Tenofovir alafenamide (TAF), active against both HIV and HBV, demonstrates similar antiviral efficacy but improved renal and bone safety compared to tenofovir disoproxil fumarate (TDF) in HIV-1-infected patients. HIV-1-infected patients whose estimated glomerular filtration rate (eGFR) between 30-69 mL/min were shown to have minimal change in eGFR and improved proteinuria, albuminuria, and bone mineral density after switching to a single-tablet regimen containing Elvitegravir/Cobicistat/Emtricitabine/Tenofovir Alafenamide (EVG/cob/FTC/TAF). For treatment of chronic HBV infection, a similar proportion of HBV-monoinfected patients who received TAF and those who received TDF achieved undetectable HBV DNA at 48 weeks of therapy. Although TAF is effective for HIV and HBV suppression, data on efficacy of TAF are limited among patients co-infected with both viruses. Currently, only one open-label, single-arm study had investigated the efficacy and safety of TAF in HIV/HBV-coinfected patients. In this study, 72 HIV/HBV-coinfected patients switching to EVG/cob/FTC/TAF were enrolled, and 91.7% of them maintained or achieved virologic suppression for both HIV and HBV at 48 weeks of therapy. Seroconversion occurred in 2.9% of HBsAg-positive participants and in 3.3% of HBeAg-positive participants. Improvements in eGFR and declines in markers of bone turnover of the participants were observed. The limitations of the above study are the small sample size. Taiwan is a country hyperendemic for HBV infection, with 19.8% of HIV-positive patients who were born before the implementation of nationwide neonatal vaccination in 1986 had concurrent chronic HBV infection.
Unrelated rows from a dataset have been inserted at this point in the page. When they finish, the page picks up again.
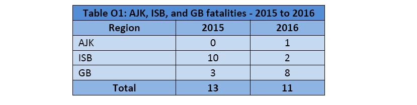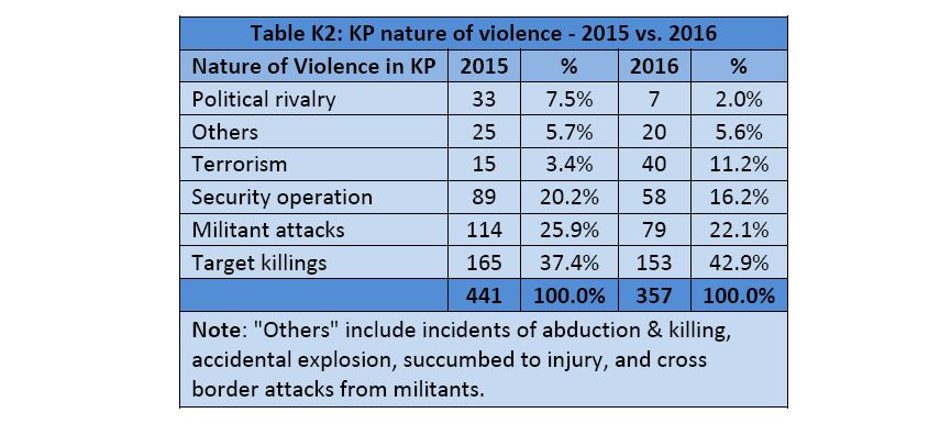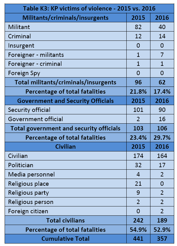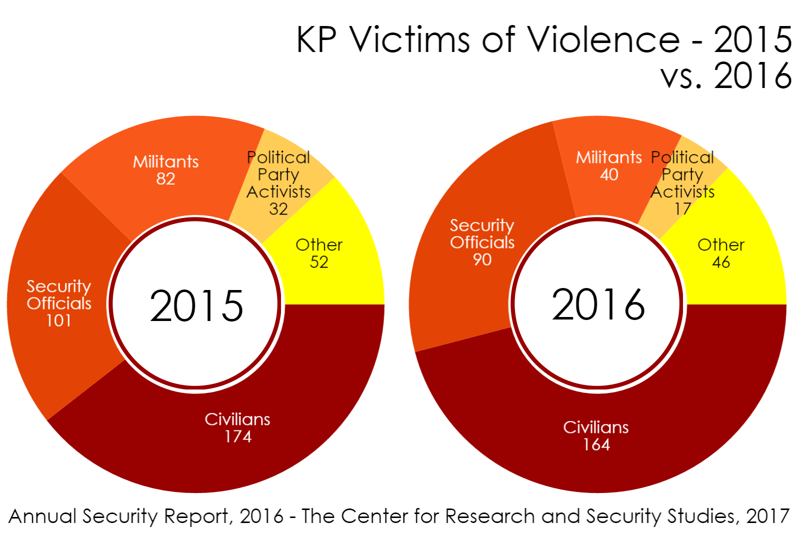 In KP, five suicide attacks took place in 2016 that left 43 persons dead, including 32 civilians and 11 others (security personnel, media persons, and political activists).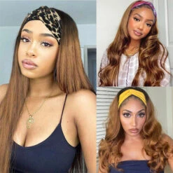 #30 Chestnut Brown Headband Wigs Straight/Body Wave Human Hair Half Wigs With Various Headbands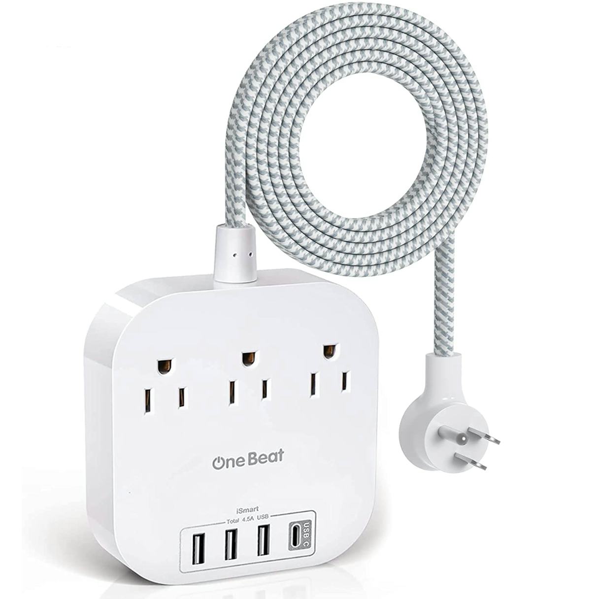 This handy power strip is everything you need to bring power where you need it. It has a flat plug so it will fit behind the furniture. The 5-foot braided cord is flexible and decorative. And the power strip has three widely-spaced standard plugs, three USB-A plugs, and one USB-C plug.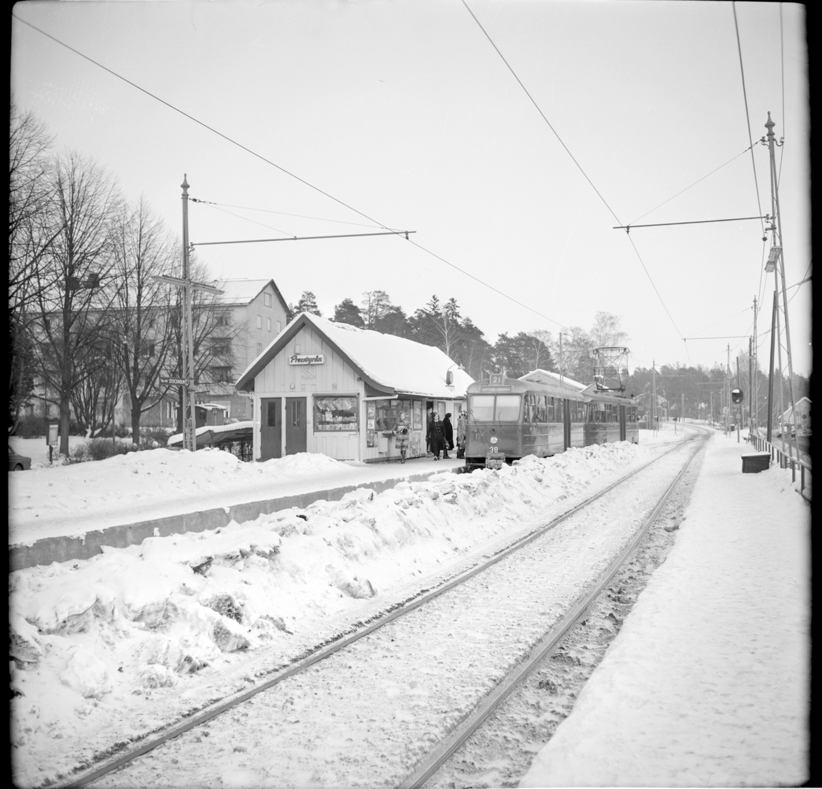 Trafik Aktiebolaget Stockholm Södra Lidingöns Järnväg, SSLidJ B24(A) 38 "ängbyvagn" linje 21 Ropsten - Gåshaga på Breviks hållplats.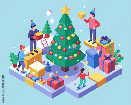 Oslava narozenin s dárky a dortem, ploché vektorové izometrické ilustrace. Chlapec dostává monopoly obchodní hra dárek k narozeninám.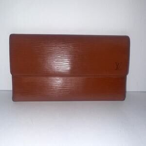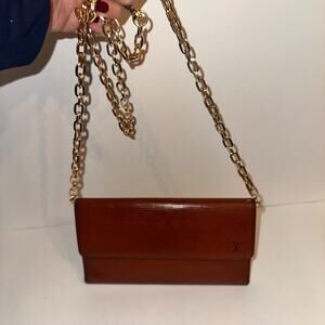 Authentic Vintage Louis Vuitton Brown Epi Leather Long Wallet – With aftermarket Free Chain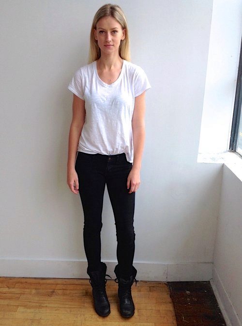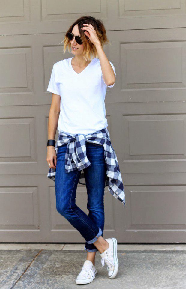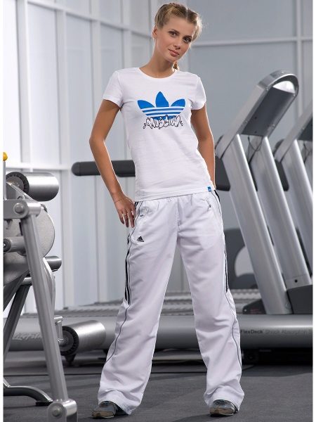 If the T-shirt is part of sports equipment, then the rest of the clothing should be appropriate: sweatpants, leotards, leggings, bicycles, shorts. As shoes you can choose sneakers or sneakers.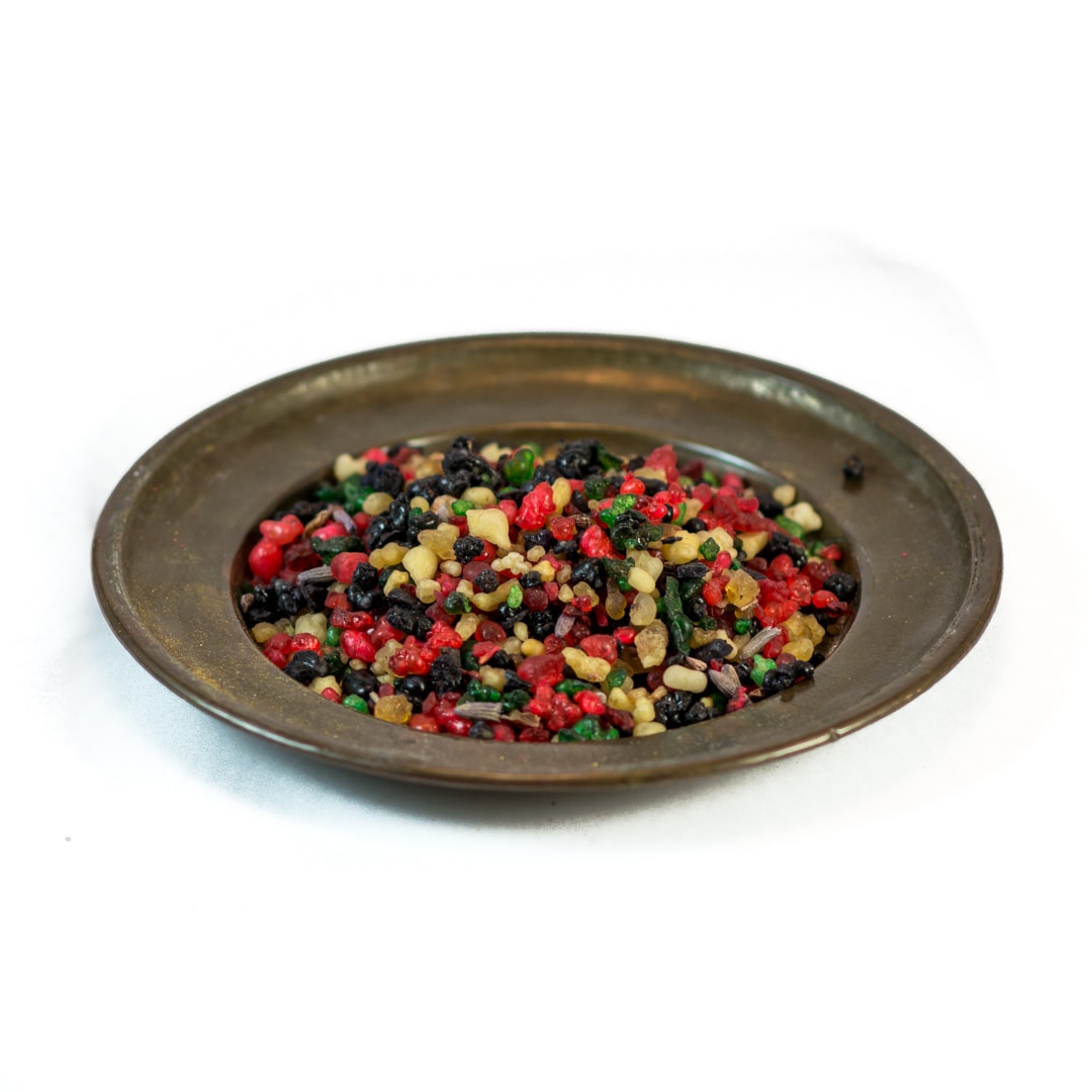 Utilisation : Verser quelques grains d’encens sur du charbon enflammé préalablement.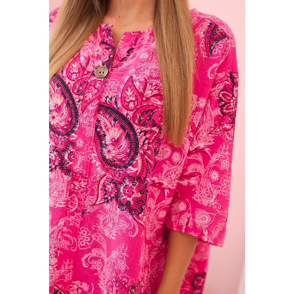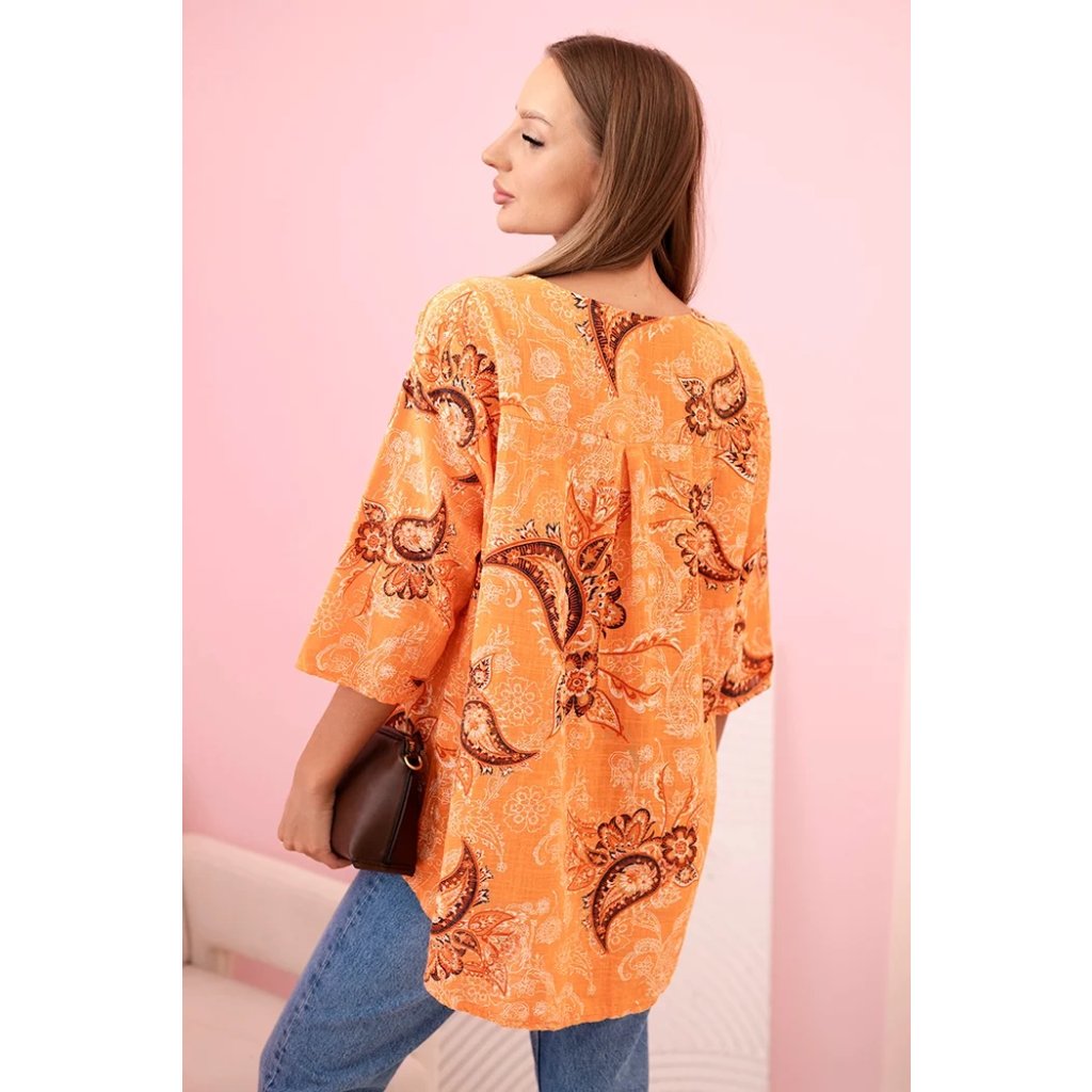 Lehká a vzdušná dámská oversize halenka vyrobená ze 100% přírodní bavlny je skvělou volbou na každodenní nošení, zejména v teplejších dnech. Volný, pohodlný střih zajišťuje komfort a svobodu pohybu, a výrazný paisley vzor jí dodává charakter a módní vzhled. Blůzka nemá límeček, což jí dodává více casualový a univerzální styl – skvěle se hodí jak do práce, tak na procházku či setkání s přáteli. Ohnutelné rukávy se zapínáním na knoflík jsou praktickým detailem, který přidává funkčnost. Italská výroba zaručuje vysokou kvalitu zpracování.

To further the understanding of the difference between TAF- and TDF-containing combination antiretroviral therapy among HIV/HBV-coinfected patients, the investigators plan to conduct an observational study to evaluate the efficacy and safety of EVG/cob/FTC/TAF as maintenance treatment of HIV/HBV-coinfected patients.

Study Overview

Status

Unknown

Conditions

Intervention / Treatment

Study Type

Observational

Enrollment (Actual)

275

Contacts and Locations

This section provides the contact details for those conducting the study, and information on where this study is being conducted.

Study Locations

  • Taiwan
      • Taipei, Taiwan, 100
        • National Taiwan University Hospital

Participation Criteria

Researchers look for people who fit a certain description, called eligibility criteria. Some examples of these criteria are a person's general health condition or prior treatments.

Eligibility Criteria

Ages Eligible for Study

20 years and older (Adult, Older Adult)

Accepts Healthy Volunteers

No

Genders Eligible for Study

All

Sampling Method

Non-Probability Sample

Study Population

HIV/HBV-coinfected patients

Description

Inclusion Criteria:

  • Aged ≥ 20 years
  • Diagnosed with HIV and HBV-coinfection. HBV infection is defined as positive HBsAg for 6 months or longer before enrollment of the study
  • Serum HBV DNA load <9 log10 IU/mL
  • On Tenofovir Disoproxil Fumarate/Emtricitabine (TDF/FTC) or TDF plus lamivudine (3TC) as backbone plus a 3rd agent for HIV infection for 6 months or longer
  • Plasma HIV RNA load <50 copies/mL twice over the past 12 months
  • No known resistance mutations to Integrase strand transfer inhibitors (InSTIs), and no previous history of HIV treatment failure under InSTIs-containing combination antiretroviral therapy (cART). HIV treatment failure is defined as a plasma HIV RNA load >400 copies/mL after 6 months of InSTIs-containing cART.
  • No known resistance mutations to TDF, 3TC, or FTC, and no previous history of HIV treatment failure while on TDF, 3TC, or FTC-containing cART. HIV treatment failure is defined as a plasma HIV RNA load >400 copies/mL after 6 months of TDF, 3TC, or FTC-containing cART.
  • Baseline eGFR (estimated glomerular filtration rate) ≥30 mL/min per 1.73m2 (calculated by CKD-EPI equation)
  • AST and ALT ≤2-fold the upper limit of normal
  • Able to sign the written informed consent

Exclusion Criteria:

  • Active opportunistic illness
  • On treatment of tuberculosis
  • Pregnancy or lactation
  • Hepatic decompensation (Child-Pugh C)
  • Allergic to TDF, TAF, 3TC, FTC, or InSTIs
  • Intolerance of InSTIs
  • Hepatitis C virus (HCV)-coinfection and plan to start treatment with direct-acting antiviral agents or interferon/ribavirin within 48 weeks
  • Concurrent use of rifamycins, phenytoin, and other drugs that are contraindicated with EVG/cob/FTC/TAF

Study Plan

This section provides details of the study plan, including how the study is designed and what the study is measuring.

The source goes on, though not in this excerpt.